═════ RAW DATA ═════
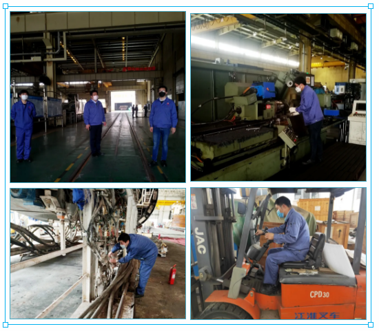 “防疫物資到位、人員排查到位、復(fù)工手續(xù)齊全。疫情防控關(guān)口已下沉到班組,生產(chǎn)正常推進(jìn)。” 經(jīng)過緊張有序的前期準(zhǔn)備工作,地處湖北武漢的中國兵器工業(yè)集團(tuán)武重集團(tuán)正式進(jìn)入復(fù)工復(fù)產(chǎn)狀態(tài)。 3月19日上午8時(shí),首批復(fù)工人員準(zhǔn)時(shí)抵達(dá)公司,戴著口罩,在接受體溫檢測、手部消毒后,進(jìn)入廠區(qū)。 提前謀劃 打好“雙戰(zhàn)役” 3月13日以來,武重集團(tuán)先后召開公司黨委會議、董事長辦公會,傳達(dá)學(xué)習(xí)習(xí)近平總書記考察湖北新冠肺炎疫情防控工作時(shí)的重要講話精神,樹信心、鼓干勁、戰(zhàn)疫情、促發(fā)展,動員全公司上下緊盯全年各項(xiàng)目標(biāo)任務(wù),迎難而上、奮力拼搏,努力把疫情耽誤的時(shí)間“搶”回來,做到貫徹落實(shí)習(xí)近平總書記重要講話精神更加到位,統(tǒng)籌推進(jìn)疫情防控和企業(yè)發(fā)展更加有效。 為切實(shí)做好公司復(fù)工復(fù)產(chǎn)前后疫情防控,維護(hù)生產(chǎn)經(jīng)營正常運(yùn)行,按照復(fù)工有關(guān)要求,公司疫情防控領(lǐng)導(dǎo)小組組織制定了《復(fù)工復(fù)產(chǎn)防控新型冠狀病毒肺炎疫情工作方案》、《疫情防控應(yīng)急預(yù)案》以及疫情期間安全生產(chǎn)、員工管理、進(jìn)出廠區(qū)管理和通勤車、食堂、消毒等后勤保障工作細(xì)則等文件,配備了口罩、防護(hù)服、測溫槍、消毒水等防護(hù)用品及應(yīng)急物資,設(shè)置了應(yīng)急隔離區(qū),確保復(fù)工后的防疫所需。 周密部署 筑牢“防疫墻” “復(fù)工任務(wù)雖急,人員安全更重,必須把好人員進(jìn)場第一關(guān)。”在人員進(jìn)場管控上,武重集團(tuán)建立了這樣一條“硬核規(guī)定”:員工必須每天通過企業(yè)微信提交體溫信息,建立員工健康檔案,筑牢復(fù)工“防疫墻”。 在接到復(fù)工批復(fù)后,公司領(lǐng)導(dǎo)多次帶隊(duì)深入生產(chǎn)現(xiàn)場,檢查疫情防控工作和復(fù)工前的各項(xiàng)準(zhǔn)備工作,協(xié)調(diào)解決項(xiàng)目在復(fù)工過程中存在的問題,要求通過優(yōu)化產(chǎn)出計(jì)劃拉動復(fù)工復(fù)產(chǎn)體系,使公司上下盡快進(jìn)入達(dá)產(chǎn)達(dá)效狀態(tài)。3月17日到18日,各單位按照各項(xiàng)預(yù)案措施針對安全、設(shè)備、就餐、消毒、乘車、住宿、應(yīng)急體系演練、職工隔離工作等方面進(jìn)行全面排查,全力確保疫情防控精準(zhǔn)到位、安全生產(chǎn)有序推進(jìn)。 公司領(lǐng)導(dǎo)到生產(chǎn)現(xiàn)場、職工食堂察看復(fù)工復(fù)產(chǎn)各項(xiàng)準(zhǔn)備工作 做實(shí)做細(xì) 當(dāng)好“排頭兵” 新冠肺炎疫情發(fā)生以來,武重集團(tuán)迅速投身戰(zhàn)“疫”,充分利用武重集團(tuán)“大國重器”技術(shù)及加工能力優(yōu)勢,多次為火神山醫(yī)院、雷神山醫(yī)院建設(shè)、防疫物資加工等急難險(xiǎn)重任務(wù)貢獻(xiàn)力量,展示了武重人“召之即來,來之能戰(zhàn),戰(zhàn)之必勝”的優(yōu)良作風(fēng)。 隨著復(fù)工的啟動,武重集團(tuán)生產(chǎn)指揮系統(tǒng)迅速重新編制了年度施工進(jìn)度計(jì)劃,將延誤工期時(shí)間分解到各個(gè)施工階段,保證施工節(jié)點(diǎn)任務(wù)完成,多個(gè)重大項(xiàng)目將從“暫?!蹦J角袚Q為“快進(jìn)”模式,加快復(fù)工復(fù)產(chǎn)。 進(jìn)入工作區(qū)前進(jìn)行體溫測量及消毒 復(fù)工單位開展班前會 各單位復(fù)工有序進(jìn)行 食堂用餐避免扎堆 武重集團(tuán)將以鏗鏘的步伐、昂揚(yáng)的斗志,聚焦重點(diǎn)項(xiàng)目,全力以赴做好復(fù)工復(fù)產(chǎn)各項(xiàng)工作,繼續(xù)發(fā)揮好大國重器、央企頂梁柱作用,奮力奪取疫情防控和企業(yè)發(fā)展雙勝利。(武重集團(tuán)) |
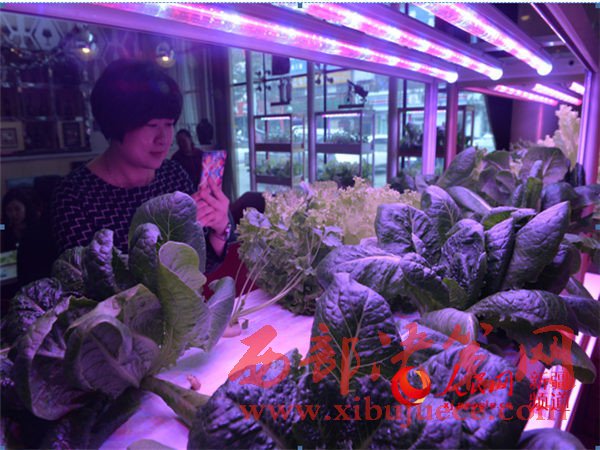 烏魯木齊市民在參觀LED植物工廠。
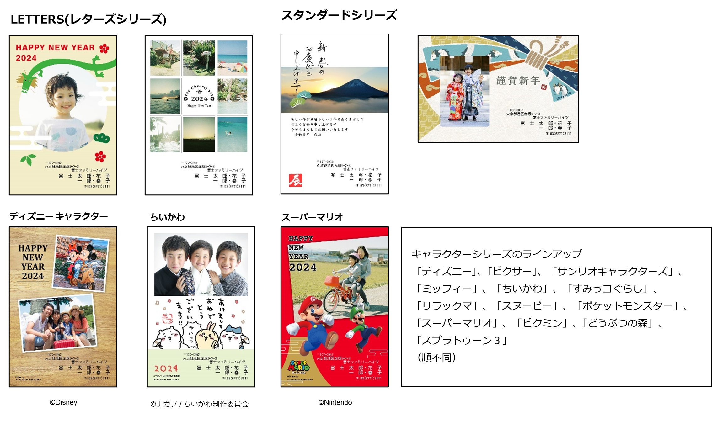 シンプルでおしゃれなデザインの「LETTERS(レターズ)」シリーズ120点、「ディズニー キャラクター」をはじめとした人気キャラクターシリーズ126点、定番デザインのほか、ビジネス用の年賀状にも活用いただけるデザインを集めたスタンダードシリーズ204点をラインアップ。幅広いデザインラインアップから自分好みを選択できます。
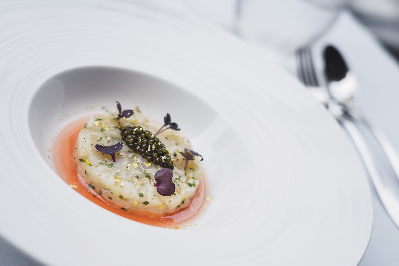 Hokkaido scallops “tartare”, Oscetra caviar, pomegranate broth, gold flakes $38
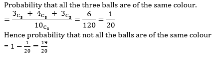 Q11. A bag contains 3 red balls, 4 green balls and 3 yellow balls. Three balls are randomly selected, find the probability that all the three balls are not of the same colour.
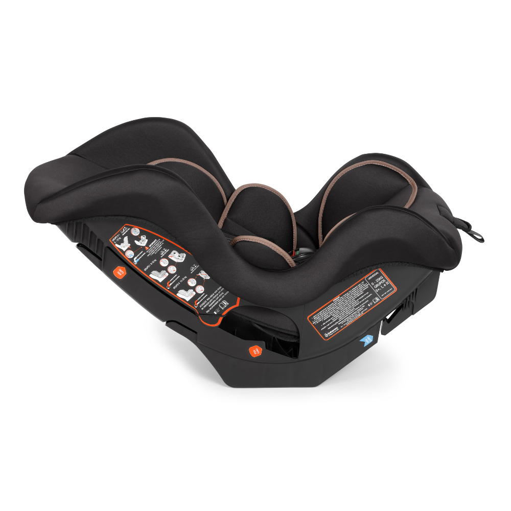 Seu design é moderno, na cor preta, combinando perfeitamente com diferentes interiores automotivos. A cadeira é confortável, anatômica e reforçada, garantindo um transporte seguro, desde recém-nascidos até crianças maiores.
═════
### ASSIGNMENT
Reproduce all entries exactly. Pictures do not belong in the copy.

### EXERCISE OUTPUT
 “防疫物資到位、人員排查到位、復(fù)工手續(xù)齊全。疫情防控關(guān)口已下沉到班組,生產(chǎn)正常推進(jìn)。” 經(jīng)過緊張有序的前期準(zhǔn)備工作,地處湖北武漢的中國兵器工業(yè)集團(tuán)武重集團(tuán)正式進(jìn)入復(fù)工復(fù)產(chǎn)狀態(tài)。 3月19日上午8時(shí),首批復(fù)工人員準(zhǔn)時(shí)抵達(dá)公司,戴著口罩,在接受體溫檢測、手部消毒后,進(jìn)入廠區(qū)。 提前謀劃 打好“雙戰(zhàn)役” 3月13日以來,武重集團(tuán)先后召開公司黨委會議、董事長辦公會,傳達(dá)學(xué)習(xí)習(xí)近平總書記考察湖北新冠肺炎疫情防控工作時(shí)的重要講話精神,樹信心、鼓干勁、戰(zhàn)疫情、促發(fā)展,動員全公司上下緊盯全年各項(xiàng)目標(biāo)任務(wù),迎難而上、奮力拼搏,努力把疫情耽誤的時(shí)間“搶”回來,做到貫徹落實(shí)習(xí)近平總書記重要講話精神更加到位,統(tǒng)籌推進(jìn)疫情防控和企業(yè)發(fā)展更加有效。 為切實(shí)做好公司復(fù)工復(fù)產(chǎn)前后疫情防控,維護(hù)生產(chǎn)經(jīng)營正常運(yùn)行,按照復(fù)工有關(guān)要求,公司疫情防控領(lǐng)導(dǎo)小組組織制定了《復(fù)工復(fù)產(chǎn)防控新型冠狀病毒肺炎疫情工作方案》、《疫情防控應(yīng)急預(yù)案》以及疫情期間安全生產(chǎn)、員工管理、進(jìn)出廠區(qū)管理和通勤車、食堂、消毒等后勤保障工作細(xì)則等文件,配備了口罩、防護(hù)服、測溫槍、消毒水等防護(hù)用品及應(yīng)急物資,設(shè)置了應(yīng)急隔離區(qū),確保復(fù)工后的防疫所需。 周密部署 筑牢“防疫墻” “復(fù)工任務(wù)雖急,人員安全更重,必須把好人員進(jìn)場第一關(guān)。”在人員進(jìn)場管控上,武重集團(tuán)建立了這樣一條“硬核規(guī)定”:員工必須每天通過企業(yè)微信提交體溫信息,建立員工健康檔案,筑牢復(fù)工“防疫墻”。 在接到復(fù)工批復(fù)后,公司領(lǐng)導(dǎo)多次帶隊(duì)深入生產(chǎn)現(xiàn)場,檢查疫情防控工作和復(fù)工前的各項(xiàng)準(zhǔn)備工作,協(xié)調(diào)解決項(xiàng)目在復(fù)工過程中存在的問題,要求通過優(yōu)化產(chǎn)出計(jì)劃拉動復(fù)工復(fù)產(chǎn)體系,使公司上下盡快進(jìn)入達(dá)產(chǎn)達(dá)效狀態(tài)。3月17日到18日,各單位按照各項(xiàng)預(yù)案措施針對安全、設(shè)備、就餐、消毒、乘車、住宿、應(yīng)急體系演練、職工隔離工作等方面進(jìn)行全面排查,全力確保疫情防控精準(zhǔn)到位、安全生產(chǎn)有序推進(jìn)。 公司領(lǐng)導(dǎo)到生產(chǎn)現(xiàn)場、職工食堂察看復(fù)工復(fù)產(chǎn)各項(xiàng)準(zhǔn)備工作 做實(shí)做細(xì) 當(dāng)好“排頭兵” 新冠肺炎疫情發(fā)生以來,武重集團(tuán)迅速投身戰(zhàn)“疫”,充分利用武重集團(tuán)“大國重器”技術(shù)及加工能力優(yōu)勢,多次為火神山醫(yī)院、雷神山醫(yī)院建設(shè)、防疫物資加工等急難險(xiǎn)重任務(wù)貢獻(xiàn)力量,展示了武重人“召之即來,來之能戰(zhàn),戰(zhàn)之必勝”的優(yōu)良作風(fēng)。 隨著復(fù)工的啟動,武重集團(tuán)生產(chǎn)指揮系統(tǒng)迅速重新編制了年度施工進(jìn)度計(jì)劃,將延誤工期時(shí)間分解到各個(gè)施工階段,保證施工節(jié)點(diǎn)任務(wù)完成,多個(gè)重大項(xiàng)目將從“暫?!蹦J角袚Q為“快進(jìn)”模式,加快復(fù)工復(fù)產(chǎn)。 進(jìn)入工作區(qū)前進(jìn)行體溫測量及消毒 復(fù)工單位開展班前會 各單位復(fù)工有序進(jìn)行 食堂用餐避免扎堆 武重集團(tuán)將以鏗鏘的步伐、昂揚(yáng)的斗志,聚焦重點(diǎn)項(xiàng)目,全力以赴做好復(fù)工復(fù)產(chǎn)各項(xiàng)工作,繼續(xù)發(fā)揮好大國重器、央企頂梁柱作用,奮力奪取疫情防控和企業(yè)發(fā)展雙勝利。(武重集團(tuán)) |
 烏魯木齊市民在參觀LED植物工廠。
 シンプルでおしゃれなデザインの「LETTERS(レターズ)」シリーズ120点、「ディズニー キャラクター」をはじめとした人気キャラクターシリーズ126点、定番デザインのほか、ビジネス用の年賀状にも活用いただけるデザインを集めたスタンダードシリーズ204点をラインアップ。幅広いデザインラインアップから自分好みを選択できます。
 Hokkaido scallops “tartare”, Oscetra caviar, pomegranate broth, gold flakes $38
 Q11. A bag contains 3 red balls, 4 green balls and 3 yellow balls. Three balls are randomly selected, find the probability that all the three balls are not of the same colour.
 Seu design é moderno, na cor preta, combinando perfeitamente com diferentes interiores automotivos. A cadeira é confortável, anatômica e reforçada, garantindo um transporte seguro, desde recém-nascidos até crianças maiores.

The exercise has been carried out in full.